Allineare le due lenti del cannocchiale. Le Fondazioni d'impresa europee a confronto a Palermo

Nel capoluogo siciliano, a pochi giorni dalla chiusura di Manifesta 12, si è svolta la terza edizione del European Corporate Foundations Knowledge Exchange, importante occasione per riflettere su come innervare la dimensione sociale nel business, creando un ecosistema con una visione europea che parte da esigenze locali.

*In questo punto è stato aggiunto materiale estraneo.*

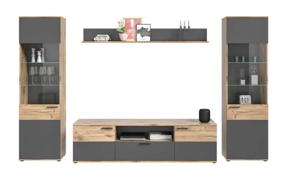 Unser Produkt Wohnkombination gibt es in den Farben: grau Der Hersteller ist bekannt für die hohe Qualität der verwendeten Materialien. Maße: · Breite: 338 cm · Höhe: 200 cm · Aktion: Newsletter-Anmeldung 10€ Willkommens-Gutschein. · Aktion: 3% Kundenkarten-Rabatt. · Der Artikel befindet sich in der Höffner-Kategorie: Wohnwände - - .

Palazzo Branciforte, sede dell'evento

A fine novembre Palermo ha aperto le sue porte alle fondazioni d’impresa per la terza edizione del European Corporate Foundations Knowledge Exchange, incontro internazionale dedicato alle corporate foundations promosso da DAFNE (Donors and Foundations Networks in Europe), la rete europea a cui appartengono tutte le associazioni nazionali delle fondazioni di tutto il continente tra cui Assifero, l’associazione italiana delle fondazioni di famiglia, di impresa e di comunità e altri enti filantropici.

Ottanta le fondazioni d’impresa presenti, provenienti da 11 Paesi europei[1], diverse tra loro per dimensioni e settore merceologico dell’azienda d’origine. Molti i delegati presenti per la prima volta all’evento.

Dopo le tappe di Fointanbleau (2016) e Zurigo (2017) quest’anno la scelta di organizzare la ECFKE a Palermo non è ovviamente casuale: come ha ricordato il sindaco Leoluca Orlando nel suo intervento di apertura (riprendendo il discorso che ha tenuto a Parigi, all’Università SciencesPo, École urbaine a fine agosto) “Palermo capitale della mafia ancora negli anni ‘80 è oggi Palermo Capitale italiana della Cultura 2018, sede di Manifesta 12, tra le prime 5 città turistiche di Italia, inserita nel Patrimonio mondiale dell’UNESCO per la sua storia e per il suo presente Arabo Normanno, Palermo riferimento internazionale di cultura dell’accoglienza. (…) La nostra biodiversità non è genetica, non è per nascita. Siamo biodiversi per scelta, per cultura, per accoglienza. In questo scenario, le città, non soltanto Palermo, tutte le città del mondo, devono affrontare la sfida e incrociano il loro progetto di futuro sotto i nomi di Google e di Ahmed. Google (ma ognuno scelga altra multinazionale web) esprime la connessione virtuale e Ahmed (e ognuno scelga altro nome di migrante) esprime la connessione umana. (…) Palermo ha scelto Google ed Ahmed, ha scelto di fare sintesi: siamo oggi una delle città meglio cablate nel Mediterraneo e al tempo stesso siamo una città il cui Sindaco ripete ogni giorno che “a Palermo non vi sono migranti “. “Non 80.000, non 100.000, migranti a Palermo; chi vive a Palermo è palermitano”. Tutti diversi perché persone, esseri umani; tutti eguali perché persone, essere umani. A Palermo si difende e rivive ogni giorno l’orgoglio di razza, dell’unica razza. La razza umana”.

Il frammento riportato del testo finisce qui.